Verification of my credentials was constant, especially in Paley’s testimony. The guards and staff checked my ID to make sure it was there before even scanning it. I have not seen anyone around me treated in this way. Once, while I was attending a first screening at the Debussy Theater, I went to the reserved section because these seats were printed on my ticket. All the cleaners asked to see my seat number, the more I walked in front of the orchestra.

I saw many white spectators walking with me to the same police station without checking tickets. When I finally sat down in my seat, I looked around and couldn’t see any row of colors near me. Maybe that’s why? In another preview show, I sat in the reserved queue and three different chair locks approached my chair to check my ticket to make sure I was in the right place. They didn’t check anyone else’s tickets, just mine.

Things like that happened to me every day. I tried not to give it to myself, but it happened so often that I got depressed. When you watch a movie, you want to focus on what’s on the screen and nothing else. It was difficult to dispel the emotions of such a distinction.

I talked to others and looked for anything that would help me confirm my feelings.
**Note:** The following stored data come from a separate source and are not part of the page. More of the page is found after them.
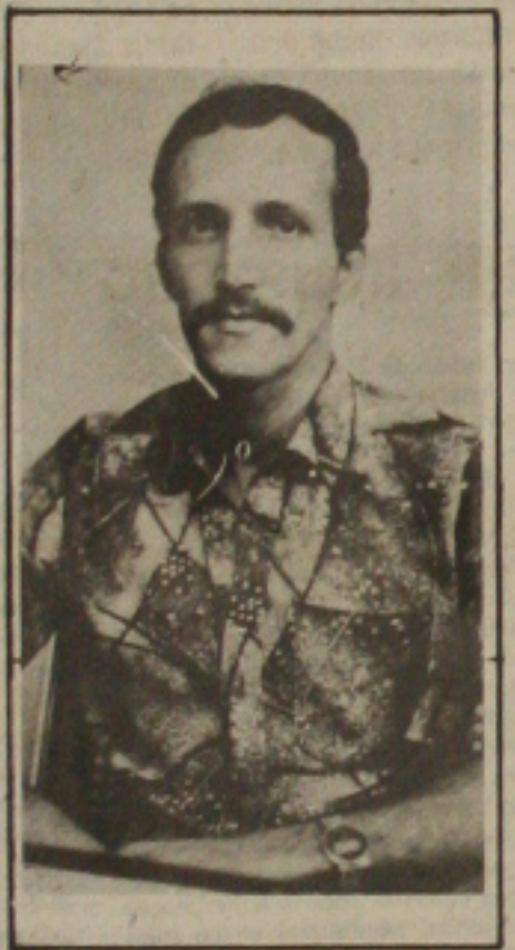
cer os fatos. As pessoas que acharam o corpo foram arroladas como testemunhas, mas ainda não tem data definida para prestar depoimento...
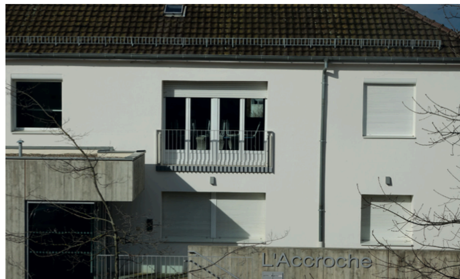
L'Accroche > 60 rue de la 1ère Division Blindée à Eschau (situé à l'arrière de la Mairie)
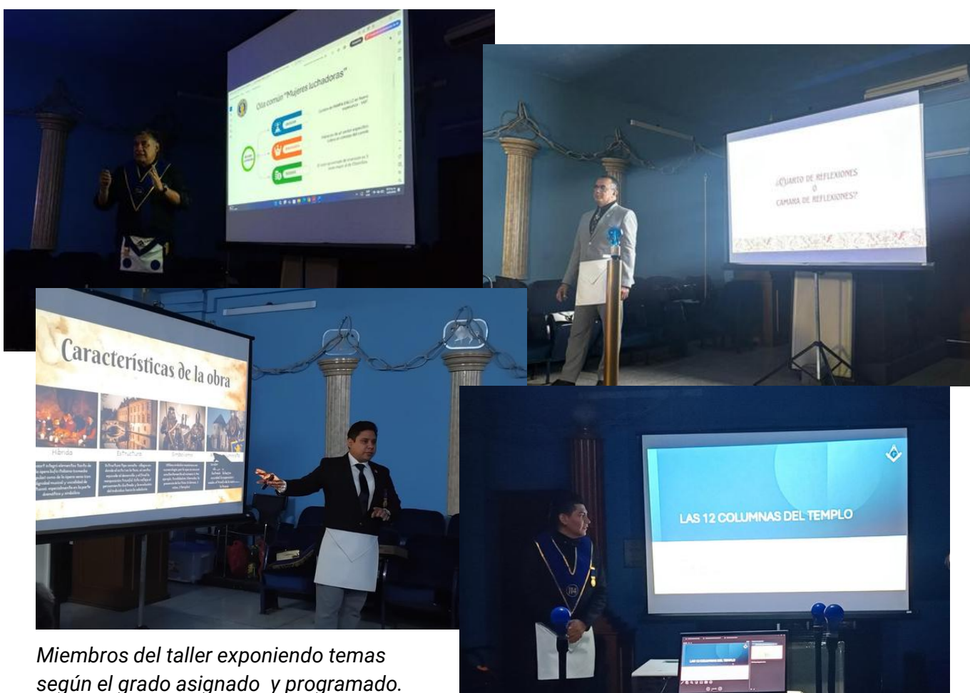
Miembros del taller exponiendo temas según el grado asignado y programado.

Por último, el resultado de este esfuerzo conjunto dará lugar a una valiosa fuente de información masónica, tanto para quienes contribuyen a su elaboración, como para quienes se acercan a su lectura. El espíritu que deseamos fomentar en nuestros Hermanos es el de la mejora continua, mediante el aprovechamiento de todos los medios disponibles, ya sea a través de la lectura tradicional o del acceso a la vasta información disponible en la red. Confiamos en que esta publicación cumpla con las expectativas de nuestros lectores. Asimismo, los invitamos a visitarnos en nuestra página web: WWW.GG114.PE .
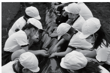
ジュース用のトマト 凛々子の苗植え (初挑戦)

今年もJAおやまのぎ松原大橋直売所にてミニトマト販売します。ぜひ、買ってください。

A reporter told me exactly what he was giving me. “We are committing racism against them and we think we can dress better,” said the reporter, who asked not to be identified. “I wore it to all the movie screenings and thought he would give me more respect. Eventually I said to myself, “Why am I doing this?” I don’t need to express myself or dress up just to be accepted. I just need a movie ticket or an invitation to the event. He is.”
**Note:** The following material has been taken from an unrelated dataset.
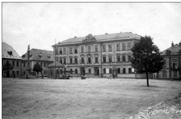
Vysoká škola a radnice před rokem 1922.

votní personál. 1923 zavedena pravidelná autobusová doprava Semily – Vysoké – Jablonec nad Jizerou. 1925 vybudována plovárna, postaveno divadlo a sbor Církve československé. Roku 1928 v rámci reformy veřejné správy byl zrušen vysocký samosprávný okres. Jinak byl tento rok pro Vysoké velmi příznivý: 1928–1929 postavena budova hospodářské školy, která zde byla založena roku 1921, v tomtéž dvouletí postavena i nová budova okresní hospodářské záložny, 1928–1930 Kramářova vila; 1928 proti parku zřízeno tenisové hřiště. Rekreace letní i zimní měla ve Vysokém vhodné podmínky, zejména přírodní. Ubytování sloužila chata Skiklubu, hotel Mařatka a hotel Bartoníček, postavený 1934. Stravování mimo to poskytovaly ještě dva hostince. Možnosti ubytování v soukromí byly omezené, proto roku 1937 postavilo město s podporou Občanské záložny „Vysockou boudu“ o deseti pokojích. Významné osobnosti českého kulturního života lákala do Vysokého krása horské přírody i kulturní atmosféra. Takovými hosty byli básníci Viktor Dyk, Antonín Sova, Otakar Theer, Karel Konrád, Konstantin Biebl; spisovatelé Karel Václav Rais, Antal Stašek, rodák z nedalekého Stanového, Helena Malířová, po otci z vysockého rodu, místní rodák Zdeněk Rón; hudebníci Karel Kovařovic, Bohu-

Clayton Davis, editor-in-chief of the Variety Awards, posted on Twitter his frustration at being turned down for wearing a white tuxedo on the red carpet, while others wear it without incident. While he was at the palace, he was constantly asked to show him his credentials to check if he was in the right place.

Vogue reports that indigenous director Kelvin Redvers has been banned from the red carpet premiere for wearing Forever Young (Les Amandiers) loafers, part of cultural fashion for which the festival should be more generous.

Black French actors saw the issue of representation in the French film industry and discussed it at the 2018 Cannes Film Festival. French actresses Aisa Maiga, Nadezhda Bosson-Diane and others walked hand in hand to protest the under-representation of black women and mestizos and against clichés are exposed in the leather and industry in general.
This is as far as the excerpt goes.